Great! We can see where the pids subsystem is mounted on the filesystem, and which options were used to mount it. If we dive into that directory, we can find the file that manipulates the maximum number of processes available in our container. We just need to combine the subsystem mount point with the pids path we found for our specific process above (which was /lxc/irreplaceable-madie/init.scope). There is one ‘gotcha’ though, we need to disregard the ‘init.scope’ subdirectory and apply our cgroup change at the level of the container name itself.
vagrant@vagrant:~$ cat /sys/fs/cgroup/pids/lxc/irreplaceable-madie/pids.max max vagrant@vagrant:~$ sudo su -c 'echo "1000" >> /sys/fs/cgroup/pids/lxc/irreplaceable-madie/pids.max' vagrant@vagrant:~$ cat /sys/fs/cgroup/pids/lxc/irreplaceable-madie/pids.max 1000
We saw that the previous value was ‘max’ and now we’ve reduced that to 1000. This should stop our rogue user from fork bombing our container!
vagrant@vagrant:~$ lxc info irreplaceable-madie | grep Processes Processes: 26 vagrant@vagrant:~$ lxc exec irreplaceable-madie -- perl -e 'fork while fork' \& vagrant@vagrant:~$ lxc info irreplaceable-madie | grep Processes Processes: 26
It looks like nothing happened, and that’s great. The processes spawned out of control until they hit our limit, and then they were were terminated. At this point you may object to this test, after all, I never proved that the fork bomb worked when the limit was set to max. If you are feeling adventurous, you can try that now, but will likely lose control of the container and vagrant box and have to restart them (possible even through the virtualbox interface). Before we make that change, I have a confession. There is a much easier way to control cgroup limits than by editing the /sys/fs filesystem directly (thankfully).
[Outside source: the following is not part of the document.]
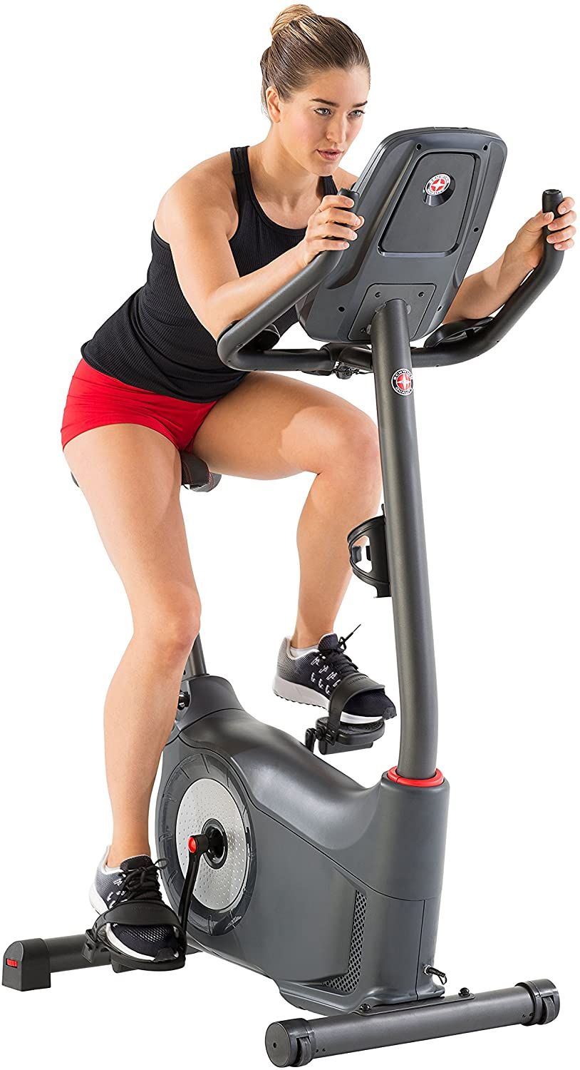 If you’re not happy with just a standard exercise bicycle and want something with a little more punch, try the Schwinn 170 Upright Bike. You can select a preset course to ride down, which adjusts your ride as if you were going up and down hills.

vagrant@vagrant:~$ cat /sys/fs/cgroup/pids/lxc/irreplaceable-madie/pids.max 1000 vagrant@vagrant:~$ lxc config set irreplaceable-madie limits.processes 100 vagrant@vagrant:~$ cat /sys/fs/cgroup/pids/lxc/irreplaceable-madie/pids.max 100 vagrant@vagrant:~$ lxc config unset irreplaceable-madie limits.processes vagrant@vagrant:~$ cat /sys/fs/cgroup/pids/lxc/irreplaceable-madie/pids.max max
How did I know that I should provide ‘limits.processes’ as the value to the get and set subcommands? Well, by reading the documentation of course! So the ‘config’ subcommand to ‘lxc’ provides a nice interface to the cgroup filesystem, and with this we were able to change and remove the original process limit that we had placed on the container. At this point you could try the fork bomb again in the container if you really want to see what happens without limits. Warning though, it isn’t pretty! By the way, if you want to drop down into the container, you can do so like this.
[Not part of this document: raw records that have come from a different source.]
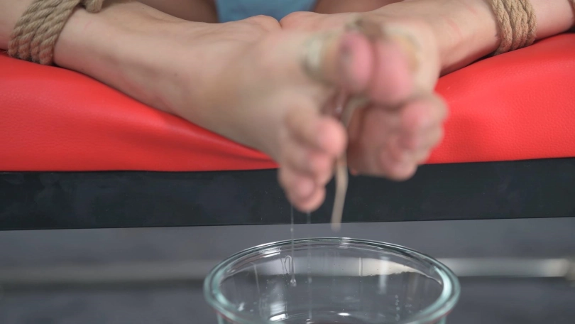 把妹子胳膊反扭夹持的固定效果很牢靠,妹子蜷着身体非常难受,更促进了她分泌口水,大量滴落的口水流到双脚上,加入冰块,两者在双脚形成的空间充分融合后滴入水晶碗里,在这持续的高温天,有这么一个冰口水制造机是不是很惬意。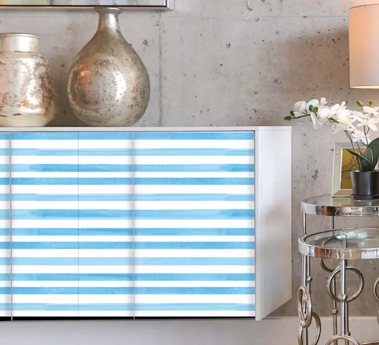 Apportez une touche moderne et texturée à votre intérieur avec l'Adhésif meuble motif rayé bleu. Son design captivant, avec des rayures bleues élégantes, transforme vos meubles en véritables œuvres d'art. Les coups de peinture subtils ajoutent un charme unique, parfait pour un style contemporain.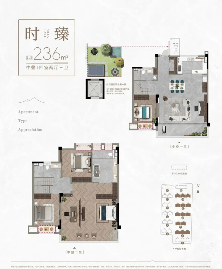 · 中/下叠:236㎡ 四房两厅三卫,下叠赠送约35㎡南向花园,中叠赠送约15㎡北向花园。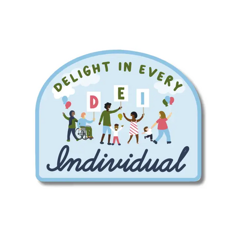 We don't just tolerate difference—we celebrate it! With a twist on the DEI acronym, this "Delight in Every Individual" sticker encourages you to value every person’s dignity with joy and intention.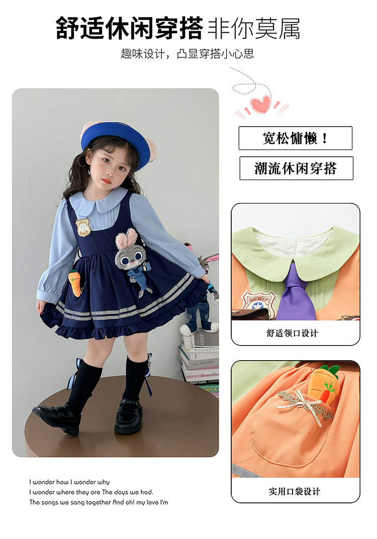 女童朱笛尼克长袖连衣裙春秋新款中小童小女孩万圣节cos演出服套

vagrant@vagrant:~$ lxc exec irreplaceable-madie bash root@irreplaceable-madie:~#
Now you are free to issue any command you want within the confines of the container you created.
So just to recap, we were able to launch an LXC container and set a limit on the number of processes that could be spawned inside of it using cgroups. We gained some additional insight into what the kernel is doing my looking at the /proc filesytem, and saw that we could manipulate the kernel in realtime using the /sys filesystem. Now I encourage you to spend some time trying to place other limits on the container. For instance, are you able to constrain the amount of memory or cpu available to it? And what are all those other lxc subcommands about? Go and explore!